Projects With Large Files

happy git cat The next problem that arises is the presence of large binary files (which are not traditional text files). Changes in binary files are not tracked by Git, which is why any change in a binary file is stored as the binary file itself. If binary files are large (like 3D models, or graphic designs), the size of the repository increases considerably with every changing commit.

Using submodules

One way out of the problem of large files is to use submodules, which enable you to manage one Git repository within another. You can create a submodule, which contains all your binary files, keeping the rest of the code separately in the parent repository, and update the submodule only when necessary. This logically separates the core part of your project from the large files, and helps in managing them separately.

Using a third-party extension

There are many extensions for Git, built by other developers, to handle large files. One option is to use git-annex, which allows you to manage files in Git without checking the contents of the file into Git. Another extension (the development of which has now been stopped) is git-bigfiles.

GitHub recently launched Git Large File Storage, an open source extension for Git, to manage large binary files in Git. LFS stores these large files in a remote server like GitHub, whereas only text pointers are stored in your Git repository. SitePoint recently published a tutorial on how to get started with Git LFS.

In a short period of time, Git LFS has gained popularity, signaling that it provides a good way of handing such large binaries in Git.

Final Thoughts

It has been a long time since Facebook announced its move to Mercurial (although it still continues to use Git for side projects like ReactJS). It's good to see Git developers and third-party developers have both reacted positively to it and come up with innovative solutions to the problems at hand. If you're thinking about learning version control, I'd recommend you go for Git—as the future is definitely bright!

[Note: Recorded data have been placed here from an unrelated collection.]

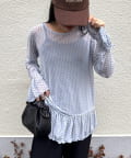 ウエスト部分にはギャザーフリルの切り替えを入れ、ふんわりと広がるシルエットに。気になる腰まわりをさりげなくカバーしつつ、スタイルアップも叶えてくれます。裾先は幅広めのフリルに切り替え、動くたびに揺れる女性らしいデザインに仕上げました。裾と袖口はメロウ仕上げで軽さを出し、重ね着してももたつかない着心地。デニムやスラックスなど、合わせるボトムを選ばず、デイリーからお出かけまで幅広く活躍します。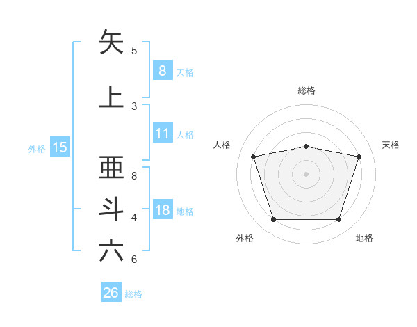 矢上 亜斗六さんを姓名の画数から五運を鑑定
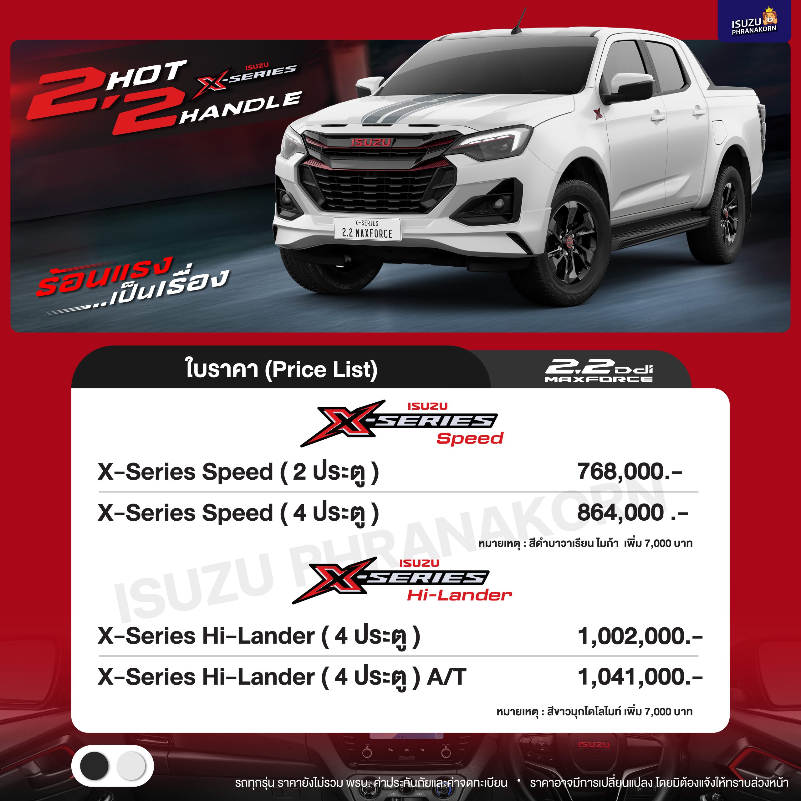 - สำหรับรถยนต์รุ่น Spark, Spacelab, Hi-Lander 2 Door และ Cab 4 สีเมทาลิค ชำระเงินเพิ่ม 7,000 บาท / Hi-Lander 4 Door และ V-Cross 4 Door สีขาวมุก ชำระเงินเพิ่ม 7,000 บาท / Isuzu MU-X Blue Power และ Isuzu Mu-X รุ่นพิเศษ The ONYX สีขาวมุก ชำระเงินเพิ่ม 12,000 บาท

If you'd like to learn more about Git and its amazing powers, check out Shaumik's new book Jump Start Git, published right here at SitePoint!

Jump Start Git cover

  • Understand Git’s core philosophy.
  • Get started with Git: install it, learn the basic commands, and set up your first project.
  • Work with Git as part of a collaborative team.
  • Use Git’s debugging tools for maximum debug efficiency.
  • Take control with Git’s advanced features: reflog, rebase, stash, and more.
  • Use Git with cloud-based Git repository host services like Github and Bitbucket.
  • See how Git’s used effectively on large open-source projects.
  • http://careersreport.com velvet.cain@aol.com

    I will show excellent internet job opportunity… three-five hrs of work /a day… Payment at the end of each week… Bonuses…Payment of 6-9 thousand dollars /a month… Merely several hrs of spare time, desktop or laptop, most basic knowing of web and dependable internet connection is what is needed…Get more information by visiting ~my page

  • http://careersreport.com Denise Landry

    I want to show great work opportunity… three to five hours of work daily… Weekly paycheck… Bonus *opportunities…Payscale of $6k to $9k /a month… Just few hours of your free time, any kind of computer, elementary understanding of web and stable connection is what is required…Get informed more about it by visiting my profile>page

  • http://careersreport.com Rachel Delacruz

    Follow success of many who are making! profit monthly by doing an online job… Learn more on my~profile

  • btistaa

    how to manage a large number of repos?

  • http://www.hexedit.com Andrew Phillips

    One way to better handle binary files is to store them as text instead if the tool that creates them supports it, Thence Git can delta the text.

    For example, Delphi resource files are binary by default but there is an option to store them as text. Another example is to save Word documents as .DOCX (xml) files rather than .DOC (binary).

Recommended

Learn Coding Online
Learn Web Development

Start learning web development and design for free with SitePoint Premium!

Instant Website Review

Use Woorank to analyze and optimize your website to improve your website to improve your ranking!

Run a review to see how your site can improve across 70+ metrics!

Get the latest in Front-end, once a week, for free.